The Eradication Game

In the game of viral infections versus humans, viruses have been winning for a few thousand years. However with massive advances in research and global health policy, we are starting to take the upper hand.

Written by: Helena Winstone

Art by: Yang Xin


An important 40th birthday

2017 marks 40 years since the last documented natural case of smallpox and 2020 will mark 40 years since its official eradication by the WHO. Following the successful elimination of a disease which caused between 300–500 million deaths in the 20th century alone, the WHO has chosen polio as the next virus to eradicate from the planet: and with polio now only endemic in two countries, its elimination is in sight. So with our understanding of viral infections exploding like herpesvirus DNA out of its capsid (which has the force of popping a champagne cork if you want a fun fact for down the pub), will we see a burst of eradicated viruses in the next 40 years? And if so, where should the line be drawn?

 

A case of beginner’s luck?

So, after our initial success of abolishing one of the world’s most lethal viruses half a century ago, why is polio proving more difficult to eliminate? Until its eradication, smallpox was one of the most feared diseases in the world, killing 1 out of every 4 people infected and leaving survivors with lifelong scars.
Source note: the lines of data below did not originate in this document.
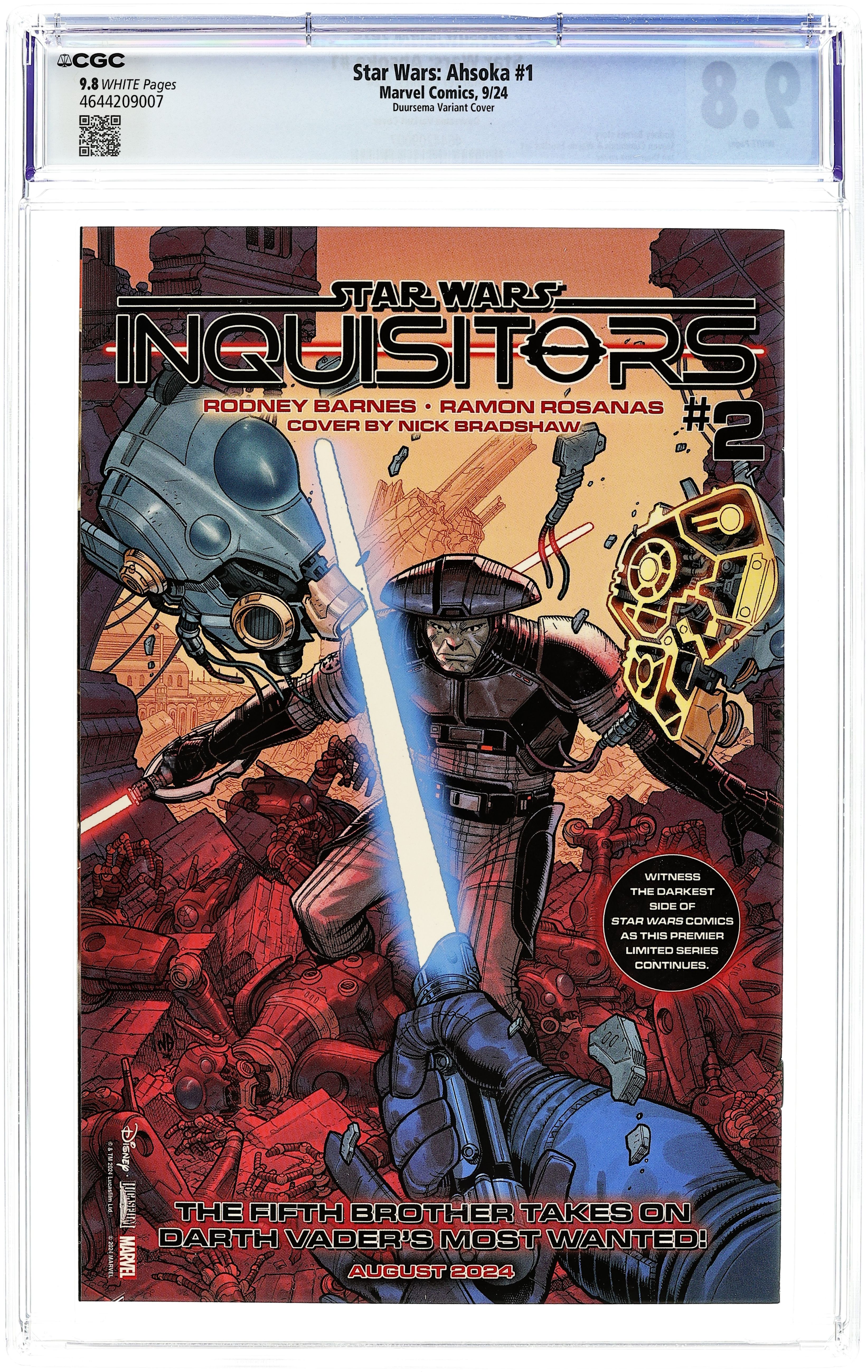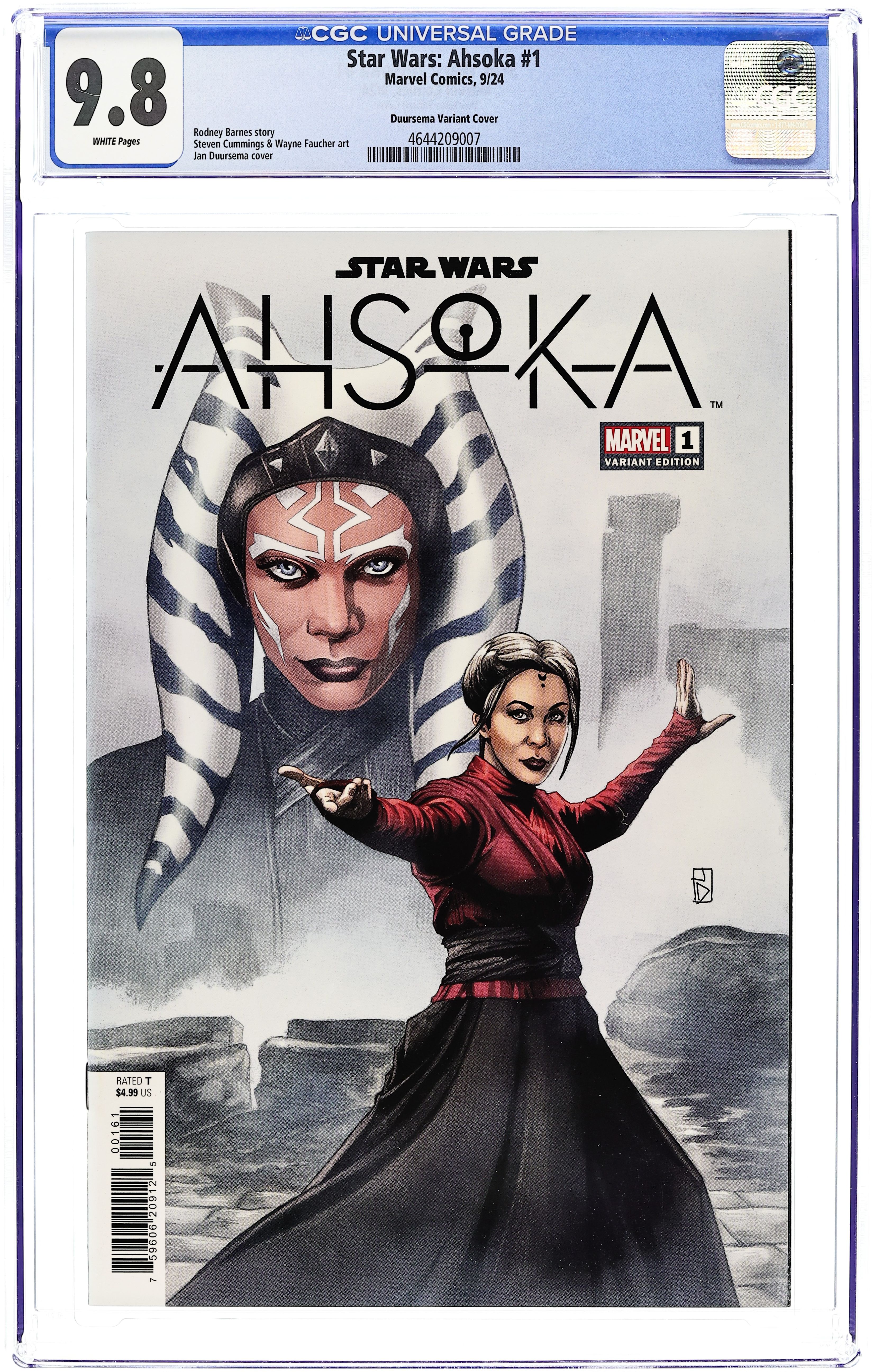 Written by Rodney Barnes. Art by Steven Cummings. Cover by Jan Duursema. After the fall of THE EMPIRE, AHSOKA TANO stalks the galaxy for GRAND ADMIRAL THRAWN! A valuable prisoner escapes New Republic custody; a search for answers reunites two old friends. The villainous MORGAN ELSBETH returns along with two new mysterious Force users, BAYLAN SKOLL and his apprentice, SHIN HATI. Will the REBELS be able to track down their lost comrade, EZRA BRIDGER? 40 pages, full color. Rated T Cover price $4.99.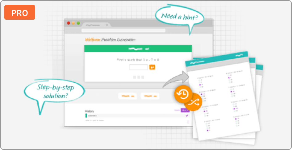 With Wolfram Problem Generator, each question is generated instantly, just for you. Pro subscribers get integrated step-by-step solutions and can create printable worksheets for study sessions and quizzes.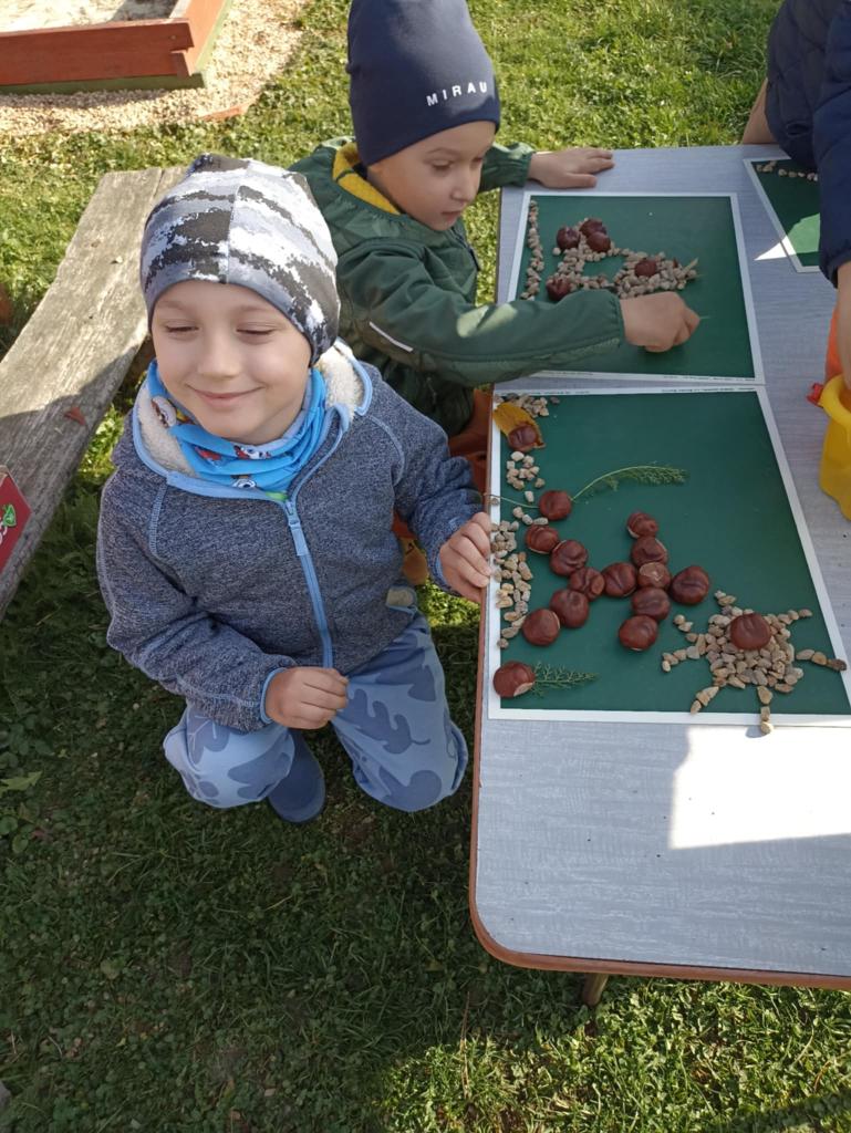 Posledné teplejšie jesenné dni využili naše sovičky aj na jesenné tvorenie z prírodných materiálov v školskej záhrade.

However, smallpox’s blatant visual severity was one of the key factors to its eradication. The obvious symptoms of smallpox infection meant quarantine of patients was fast and effective in preventing spread of the disease. Additionally, one vaccine against smallpox conferred long-lasting immunity and as the virus only infected humans,  there were no other animal reservoirs it could emerge from. Polio, on the other hand, incurs significantly more difficulties. 90% of people infected with polio are asymptomatic, meaning they can transmit the disease to many other people before an outbreak is identified. This also poses issues for maintaining polio’s eradication status after the last documented cases,  as the virus could in fact still be present asymptomatically and re-emerge. Furthermore, unlike smallpox, one vaccine is not enough to generate lifelong immunity to polio, so multiple vaccinations are needed. This is not always possible in countries and areas that are most vulnerable to polio due to accessibility problems caused by migrating and extremely rural populations.

 

Are other eradications in sight?

A world free of polio is in sight, as only two countries are still endemic for polio and two of the three types of polio have not been documented as a natural case for over 10 years. According to the WHO, once polio is eradicated, measles will be the next focus. Measles is an incredibly infectious disease, which resulted in nearly 90,000 deaths worldwide in 2016. It is estimated at least 93% of a population would need to be vaccinated in order to prevent measles transmission (key to eradication), but last year only an 85% vaccination coverage was achieved worldwide. However, vaccinations against measles are increasing, and it is entirely possible that in 40 years time measles may also be eliminated.

 

Where do you draw the line?

Several of the viruses responsible for high disease prevalence and death rates, such as hepatitis C, the leading cause of liver cancer, are expensive to treat (meaning this isn’t always possible in the places that need it most), and are difficult to design vaccines for due to their structure and rapidly changing genetics. However, assuming that we will reach a point where we can eradicate these illnesses in the future, where do we draw the line of which infections should be eliminated? For example, how beneficial would it actually be to eradicate the common cold, herpesvirus 1 (cause of cold sores and asymptomatically carried in over two-thirds of the population) and chickenpox? Some immunologists would argue that this would do more harm than good. The challenge that our immune systems regularly receive from these less severe infections are crucial in order to keep them primed for dealing with more dangerous pathogens. Additionally, keeping the immune system busy with minor challenges is also a key factor in preventing it from going into overdrive, leading to autoimmune disease. If we removed these viruses, it’s possible that the allergy and autoimmune epidemic we are currently facing would rise even further. There is also the question of whether there would be any other unforeseen consequences of removing  agents that we have evolved with over thousands of years. Approximately 8% of our genome is estimated to be from viruses that have integrated and then become defective, and we have inherited some incredibly useful genes this way. Syncytin, for example, the gene responsible for placenta formation in pregnancy, is virus derived.

Although eliminating viruses that cause severe diseases is key for relieving significant health burdens, removing the smaller fry might do more harm than good – office workers, the dream of getting through the winter without catching Susan’s cold might just be a pipe dream after all.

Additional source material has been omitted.